I'm so sorry for you and your boys. Even though it's not the same, I lost my Grandpa when I was almost 5 (by about 2 weeks). It is hard to understand at that age. I remember going to the funeral and coming home and asking my parents when I would see Grandpa again. My Mom explained to me never on earth and how he was in heaven.Not sure how you feel about this, but one thing that helped me was she said I could talk to him - kinda like praying. He couldn't answer, but he would hear me because he was in heaven with God. I would talk to him after my nightly prayers as I lay in bed before going to sleep. It gave me much comfort and I felt his presence still in my life.I'm praying for you and your boys.
 
My dad took his own life when I was only 7. It is definitely hard to grasp at that age, but I didn't fully understand for a few years. Praying for you and your boys.
 

Frequently Asked Questions

What are some comforting prayers I can say for my sons during this difficult time?

Comforting prayers can include asking for peace, strength, and healing for your sons. You might say, "Dear God, please wrap my sons in your loving arms and grant them the strength to cope with their loss. May they find comfort in your presence and in the memories they cherish." Personalizing your prayers to reflect their feelings can also be very meaningful.
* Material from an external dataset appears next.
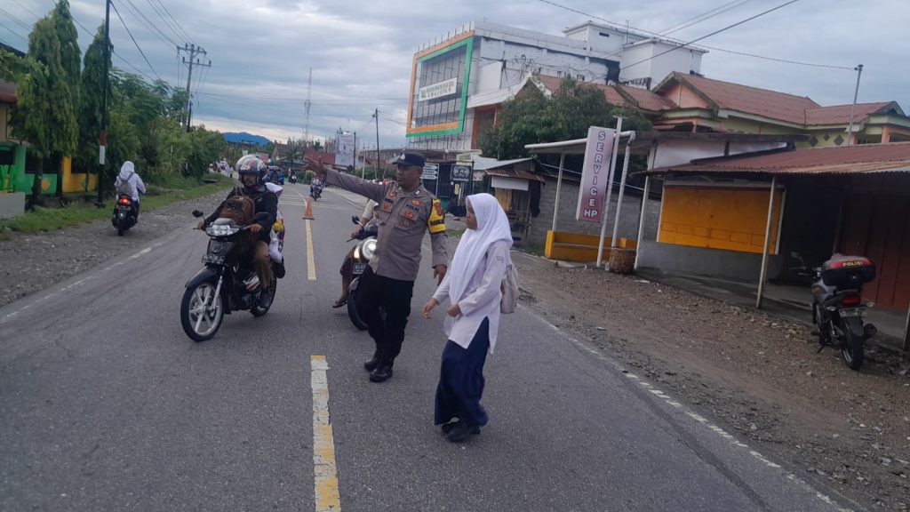 Aceh Barat Daya (Abdya) – Personel Polsek Manggeng, Polres Aceh Barat Daya (Abdya), melaksanakan strongpoint dan pengaturan lalu lintas (gaturlalin) di depan sekolah-sekolah yang ada di wilayah Manggeng, Abdya. Kegiatan ini bertujuan untuk terciptanya Keamanan, Keselamatan, Ketertiban, dan Kelancaran (Kamseltibcar) Lalu lintas di sekitar sekolah. Senin (20/04/2026)
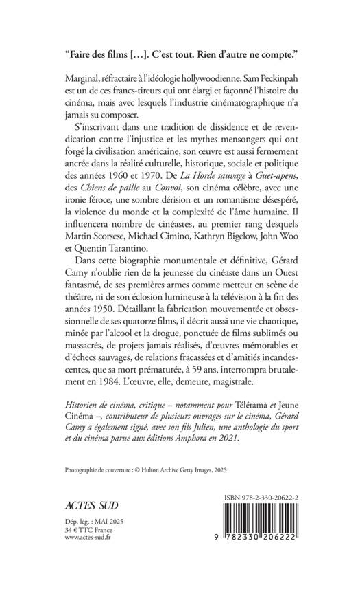 Si certains de ses films sont bien connus du grand public (La Horde sauvage, Les Chiens de paille, Le Guet-apens, Le Convoi), Sam Peckinpah, après avoir été au firmament d'Hollywood à l'orée des années 1970, n'est certainement pas, aujourd'hui, le plus populaire des cinéastes américains. Pourtant, ce franc-tireur avec lequel les studios n'ont jamais su comment composer, mort à cinquante-neuf ans, a imposé, avec ses quatorze films, une "Peckinpah touch" qui a influencé et influence encore bien des cinéastes. Ses oeuvres, devenues des classiques du cinéma américain, sont toujours étudiées pour ce qu'elles disent de la violence du monde et de la complexité de l'âme humaine. Gérard Camy signe ici la première biographie d'ampleur de ce géant du cinéma.

How can I support my sons emotionally after their loss?

Supporting your sons emotionally involves being present and listening to them. Encourage them to express their feelings and let them know it's okay to grieve. You can also suggest professional counseling or support groups if they feel overwhelmed. Remind them that they are not alone in their journey of healing.

What role does faith play in coping with loss?

Faith can provide a sense of hope and comfort during times of grief. It can help individuals find meaning in their loss and foster a sense of community through shared beliefs. Encouraging your sons to lean on their faith can help them navigate their emotions and find solace in the belief that their loved one is at peace.

Are there specific Bible verses that can offer comfort to my sons?

Yes, several Bible verses can provide comfort, such as Psalm 34:18, which states, "The Lord is close to the brokenhearted and saves those who are crushed in spirit." Another comforting verse is Matthew 5:4, "Blessed are those who mourn, for they will be comforted." Sharing these verses with your sons can help them feel supported and understood.

How can I encourage my sons to remember their loved one positively?

Encouraging your sons to remember their loved one positively can be done through activities that honor their memory. This could include creating a memory book, participating in a memorial event, or sharing stories about their loved one. Remind them that celebrating the life of the person they lost can be a healing part of their grieving process.